Да неужели действительно вышлют и ее и ребенка? Разве так слаба Советская власть, что женщины уже опасны стали? «С женщинами воюем! Лагеря для женщин! Олег Андреевич прав: императоры не трогали жен декабристов и семьи народников… Уж не чувствовали они себя уверенней на своем посту, чем мы большевики, на своем? Или в самом деле были великодушнее и добрее?
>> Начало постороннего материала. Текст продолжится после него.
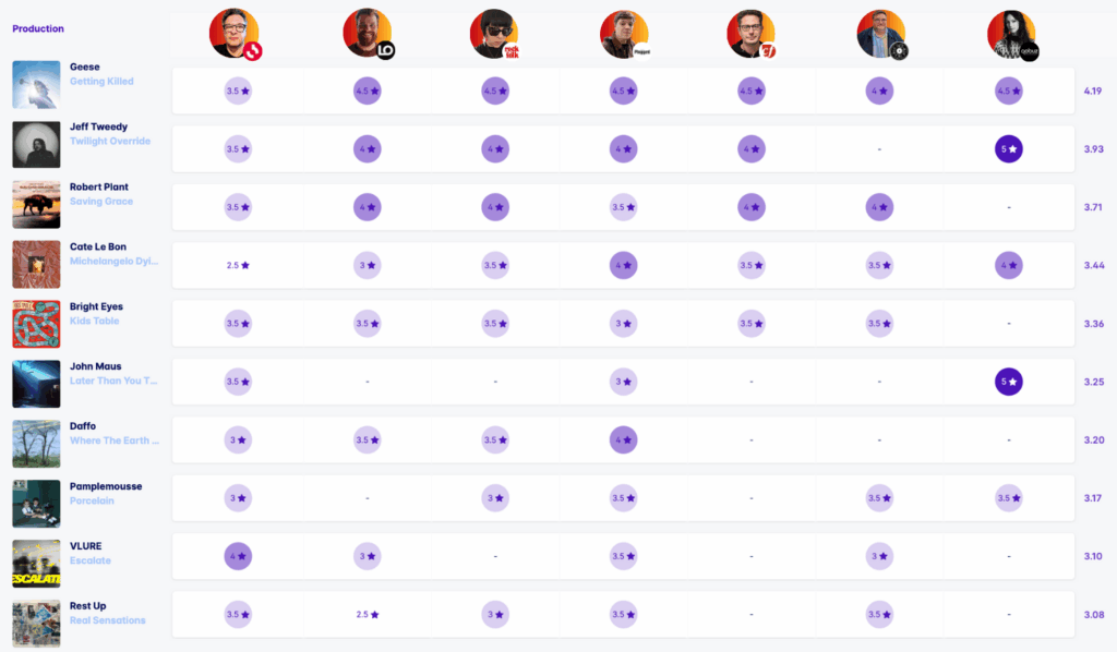 Ils ont donné leurs avis : Alexis Goyer (France Inter), Isabelle Chelley (Rock&Folk), Antoine Serrurier (Plugged), Charles Gallet (La Face B), Rémi Bonnet (Centre France), Charlotte Saintoin (Qobuz)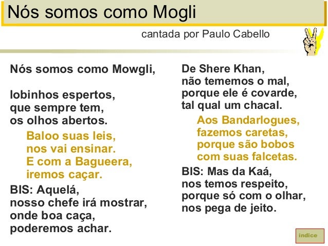 71. 71. Nós somos como MogliNós somos como Mowgli,lobinhos espertos,que sempre tem,os olhos abertos.Baloo suas leis,nos vai ensinar.E com a Bagueera,iremos caçar.BIS: Aquelá,nosso chefe irá mostrar,onde boa caça,poderemos achar.cantada por Paulo CabelloíndiceDe Shere Khan,não tememos o mal,porque ele é covarde,tal qual um chacal.Aos Bandarlogues,fazemos caretas,porque são boboscom suas falcetas.BIS: Mas da Kaá,nos temos respeito,porque só com o olhar,nos pega de jeito.
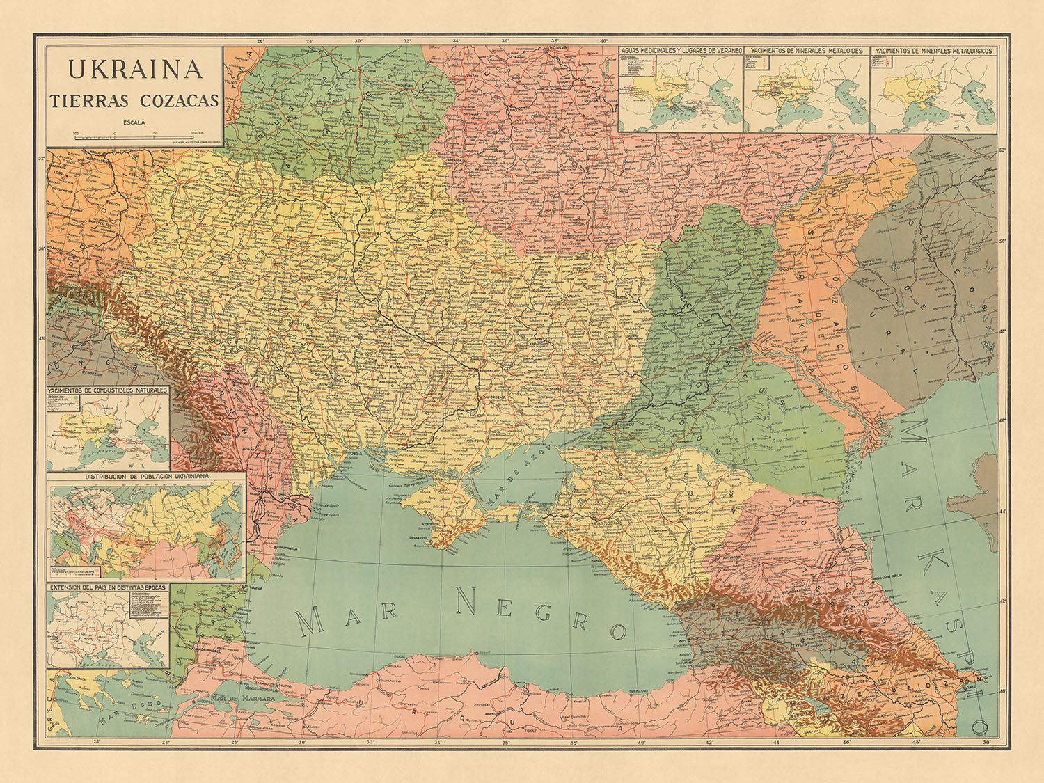 Las características naturales están elegantemente retratadas, con el Mar Negro y el Mar de Azov proporcionando un impresionante telón de fondo para las regiones del sur. La sombra de relieve resalta los terrenos montañosos de los Cárpatos y el Cáucaso, añadiendo profundidad y dimensión al mapa. Estas características geográficas no solo definen el paisaje físico, sino que también juegan un papel crucial en las narrativas históricas de la región. La atención del mapa a los recursos naturales, como los depósitos de combustible y minerales, subraya la importancia económica de estas áreas.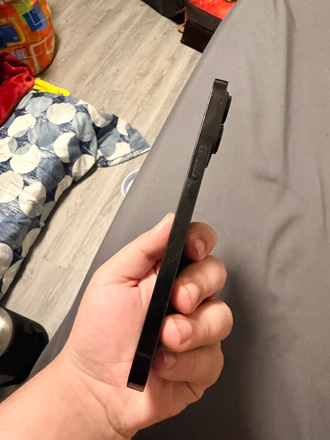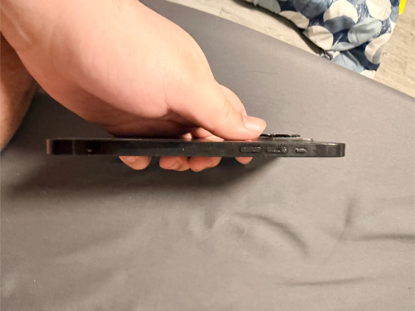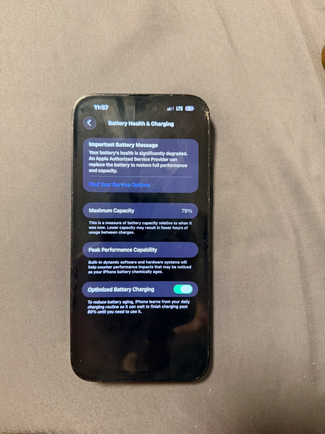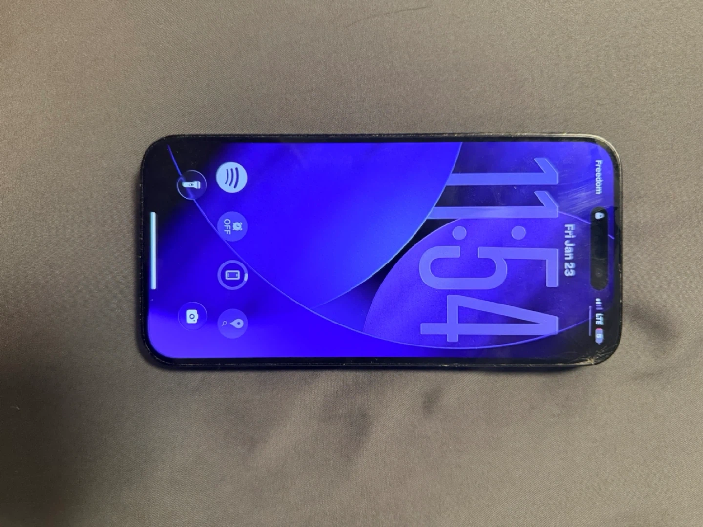This is an Apple iPhone 14 Pro Max in Deep Purple. The back glass is cracked, and there are scratches on the front screen. Phone works grate 79% battery Heath we can talk about the price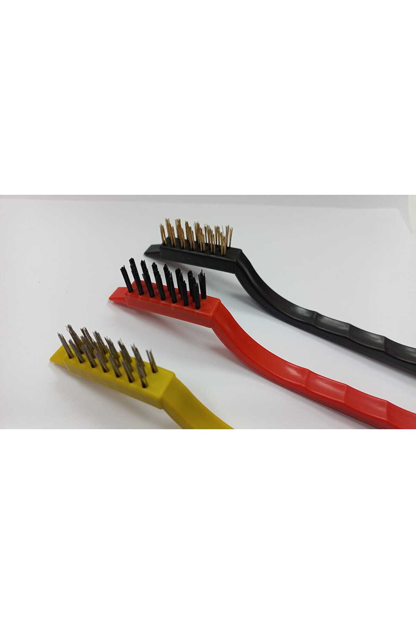 3'lü tel fırça seti pirinç-naylon-çelik fırça ; ürün gönderimi 1 pakette 3adettir ; 1 adet pirinç fırça ; 1 adet naylon fırça ; 1 adet çelik fırça ; ürün ölçüsü saplı 18cm ; fırça ölçüsü 4;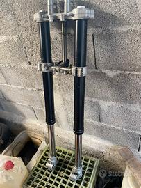 vendo forcelle marzocchi a steli rovesciati montate su un ch racing wsm 50, insieme cedo anche le piastre e il perno della ruota.

Эх, неладно что-то у нас в аппарате!»

Бездеятельность и пассивная скорбь не были свойственны его натуре.

«Завтра же пойду сначала к прокурору, а потом в райком! — говорил он себе. — Следователь Ефимов… посмотрим, кто кого!»

 

Глава седьмая

Нa тюремных окнах ворковали голуби; воркование это иногда напоминало жалобный стон и усиливало тоску. Было так тихо, что слышно, как надзирательница, завтракая у окна, разбивала крутое яйцо. Иногда, становясь ногами на унитаз, Леля дотягивалась головой до окна и видела кусочек неба. В шесть утра надзирательница, проходя, стучала ей в дверь и говорила: «Подъем», надо было в ту же минуту вскакивать и стелить койку, которую уже не позволялось откидывать в течение дня; потом надзирательница говорила: «Хлеб и сахар», а еще через несколько минут: «Кипяток». Все это ставилось на доску перед окошечком. В середине дня полагался обед — щи из хряпы и каша; вечером — опять кипяток с хлебом.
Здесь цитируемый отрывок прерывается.